Kさんとの生活は、どこまでも続きそうに思える。お金の不安は付きまとうけれど、関係性の不安が付きまとうより何百倍もいいような気がする。気がするだけかもしれないけれど。

冷蔵庫と電子レンジ、ベッドとタワー式の本棚以外、ガス台、Kさんの机、食卓兼作業台、棚などは新たに買った。

段ボールはまだまだ出っぱなしだし、押し入れの中もひどい有り様だが、職場まで徒歩圏内なのは変わらずで、日当たりと風通しが良いことに救われている。


***


人間ドックに行ったら、同姓同名の人がいたらしく、各所各所で生年月日を言わされ続けた。

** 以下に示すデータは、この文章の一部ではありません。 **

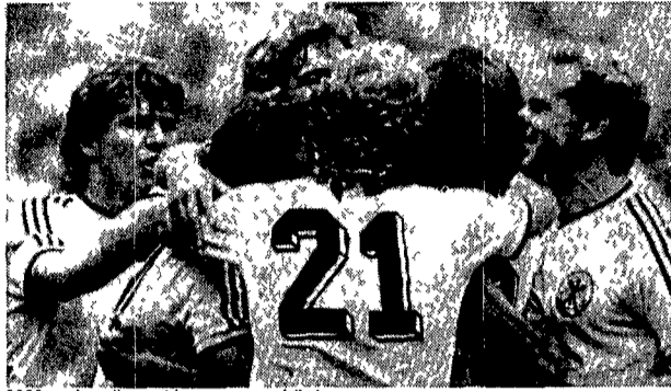
1988: anche sullo sport la concorrenza delle tv
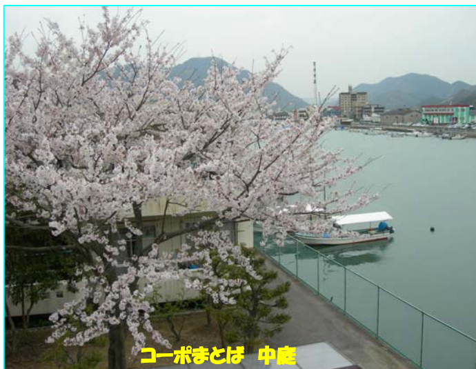
コーポまとば 中庭
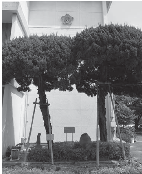
写真 校内にはイチヨウやカイヅカイブキなどの「被爆樹木」が多数ある。戦後、地域の協力を得て、校区内にある被爆樹木を移植した。同校は市内有数の緑豊かな学校となっている
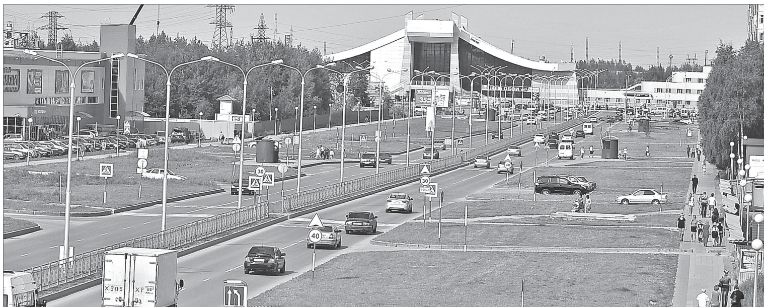
На улице Чапаева убрали воздушные линии, так что в этом плане город соответствует требованиям безопасности.

腎臓がきれいだと褒められたのはとても意外だった。わたしの体に綺麗なところなんてないと思っていたから。

ワクチン接種、初めてパーマをかけたときのことを思い出した。

オーダーもうまく出来なかったし、むかーしの田舎の美容院のパーマは、とにかく苦しくて、痛くて、気持ち悪くて、嫌な汗をかいて、仕上がりにもガッカリした。「みんな可愛くなるためにこんな思いをしてるのか」と愕然としたのをよく覚えている。

「(一旦は)調子悪くなると分かっている」「しかも仕上がりはどうなるか分からない」けど行く、みたいな流れが、自分の気持ちの落としどころが、なんだか似ている。

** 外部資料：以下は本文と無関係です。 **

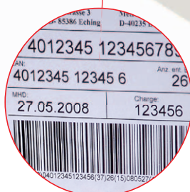
Etikettierung von Paletten und Kartons
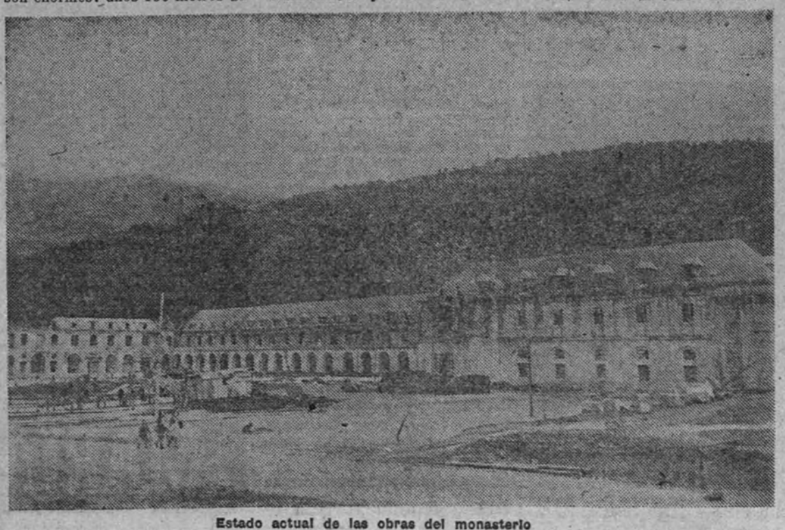
Estado actual de las obras del monasterio

Saliento por detrás de la península, siguiendo el túnel que va desde el fondo de la Iglesia, al concluir el coro, y que es un paso de servicio para la entrada de los frailes desde el monasterio, nos encontramos ante este edificio, cuyas obras van tan adelantadas, que—al terminar de cubrirse aguas con la conclusión de sus tejados—se le pondrá la bandera el día 20 de noviembre próximo, el Día de José Antonio.

Kさんは週に3日くらいはわたしの家で過ごすようになった。
すぐに消化していたラジオクラウドがたまるようになったのと、いびきがうるさいときがあるくらいで、特別困ることなく生活している。
「久しぶりに西友に行ったらたくさんおやつの種類があって楽しかったよ」「ふたりでいろんなおやつを食べよう」。なんて平和で可愛い会話だ。

***

久しぶりに執筆依頼があったが企画から降りることになった。
筋を通そうとして失ったものが多い人生。残念な気持ちはあれど、まったくのノーダメージで後悔がないところが、大成していない理由のひとつだと思う。

***

前髪に縮毛矯正をかけ、バスマットを買い、iPhoneを新しくした。
しみじみと宝くじが当たればいいのになと思っている。